= Kürschners Handbücher =

German reference work

The Kürschners Handbücher, originally published by Joseph Kürschner (1853–1902), is a series of biographical reference works. Many entries are based on self information. Since the takeover by the Saur-Verlag publishing House in Munich, a self-suggestion is also possible. The series originated from Kürschners Deutscher Literatur-Kalender, which first appeared in 1879.
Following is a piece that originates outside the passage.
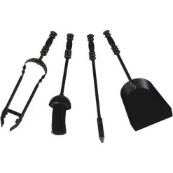 PrimeMatik – Fireplace Companion Tool Set Of 4 Accessories For Fireside Made Of Cast Iron

The book presents 3 categories

== Literature and Science ==
- Kürschners Deutscher Literatur-Kalender. 2 partial volumes. Publisher de Gruyter, Berlin (71st volume) 2018/19, ISBN 978-3-11-057616-0. With biographical data, address, memberships and literary awards of 13,436 living authors of German-language literature on the fine arts, as well as about 178,000 publications.
- Kürschners Deutscher Literatur-Kalender. 4 partial volumes. Verlag de Gruyter, Berlin (23rd edition) 2011, ISBN 978-3-598-23630-3, (since 2001). With biographical data, address, main research areas and fields of work of 77,425 scientists and scholars as well as their most important publications.
- Kürschners Deutscher Sachbuch-Kalender. (2nd edition 2003/2004) 2004, ISBN 3-598-24181-X.
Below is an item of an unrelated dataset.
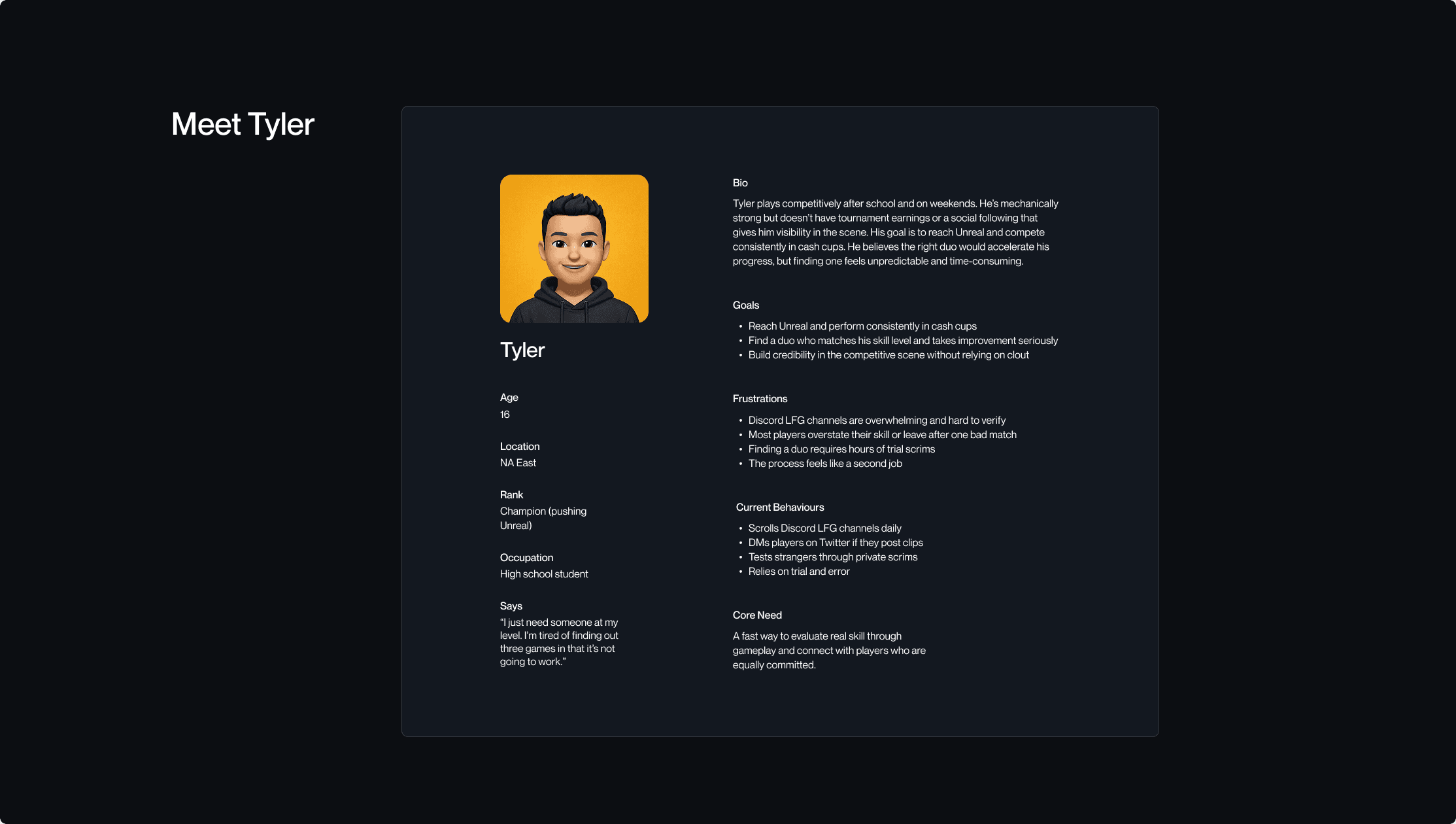 The discovery view was intentionally simple. Region and key performance metrics were visible, but secondary to gameplay clips. The goal was to allow users to evaluate someone confidently within seconds, keeping the interface focused while still providing essential context.

== Visual arts, music and theatre ==
- Kürschners Deutscher Gelehrten-Kalender. 2 partial volumes. Publisher de Gruyter, Berlin (71st volume) 2018/19, ISBN 978-3-11-057616-0. With biographical Kürschners Graphiker-Handbuch Deutschland, Österreich, Schweiz. Illustrators, commercial artists, typographers, edited by Charlotte Fergg-Frowein, 2nd, extended edition, Berlin: de Gruyter, 1967
- Kürschners Handbuch der Bildenden Künstler. 2 partial volumes. Saur Verlag, Munich (2nd volume) 2007, ISBN 978-3-598-24737-8 with biographical data, address, teaching activities, exhibiting galleries among others of 6,700 living visual artists: painting, graphic arts, sculpture, book art, action and media arts and (in selection) architecture, photography and arts and crafts).
- Furrier's Musician's Handbook. 2 partial volumes. K. G. Saur Verlag, Munich (5th volume) 2007, ISBN 978-3-598-24212-0. (Over 12,000 soloists, conductors, composers, university teachers).
- Kürschners biographisches Theater-Handbuch: Drama, opera, film, radio. Germany, Austria, Switzerland. de Gruyter, Berlin 1956 (series thus discontinued).

== Politics ==
- Kürschners Volkshandbuch (Abgeordnetenhandbuch) with short biographies of all members of the German Bundestag or State parliaments.
- "Kürschners Handbuch Europäisches Parlament" with biographies of all German members of the European Parliament and short biographies of the other members from the other member countries.
- '"Abgeordnetenhaus Berlin, Taschenbuch 18. Wahlperiode'", Redaction: Kürschners Poilitkontakte, NDV GmbH & Co KG, Bad Honnef 2017, ISBN 978-3-95879-048-3.